In a bid to push physical infrastructure development, India Monday approved a scheme that will encourage and finance projects that are jointly developed under partnerships between private and public sector firms.

The Cabinet Committee on Economic Affairs, at a meeting chaired here by Prime Minister Manmohan Singh, has given a go-ahead to the scheme, which will be extended to entities with at least 51 percent private equity, officials said.

The eligible areas include projects for roads, bridges, railways, seaports, airports, inland waterways, power, urban development, special economic zones, international convention centres and tourism.

The gap in funding an infrastructure project under the scheme shall not exceed 20 percent of the total project cost, Finance Minister P. Chidambaram told reporters after the meeting.

But the government or a statutory entity that owns the project can provide extra funds out of its budget, but that cannot exceed a further 20 percent of the total project cost, he added.

These qualifying restrictions apart, the implementing agency for the projects must be selected through a transparent and open competitive process.

In the union budgets for the last fiscal year and the current year, a provision of Rs.15 billion ($340 million) each was marked for assistance to infrastructure development.
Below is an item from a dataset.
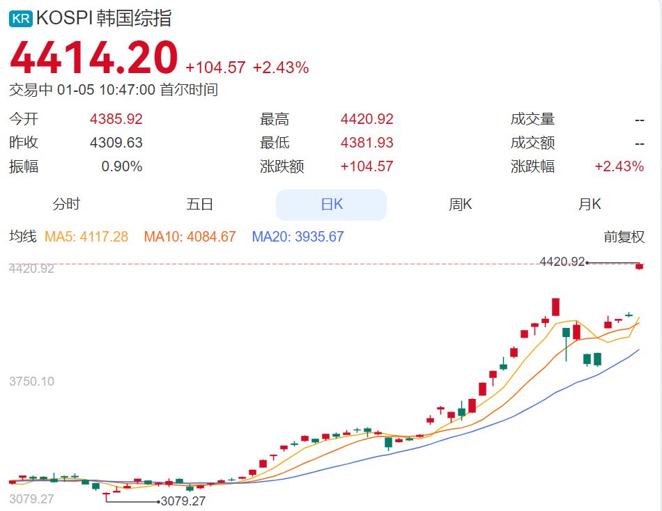 此外,周一早盘,日韩股市高开,日经225指数开盘涨1.33%,韩国KOSPI指数开盘涨1.77%。截至发稿,日经225指数涨2.82%,报51760.51点;韩国KOSPI指数涨2.43%,报4414.2点。

This money and annual outlay will form the corpus of the scheme.

A committee headed by deputy governor of the Reserve Bank Rakesh Mohan had said India would require investments of Rs.7.5 trillion ($170 billion) for sprucing up its rickety physical infrastructure.

The Planning Commission also projected an investment of over Rs.4 trillion ($90 billion), excluding the requirements for urban infrastructure, during the 10th Plan period that ends fiscal 2007.

Resources of this magnitude cannot be made available through budgetary sources alone and the new scheme has been drawn to attract and promote investment in infrastructure from all segments, including the private sector, officials said.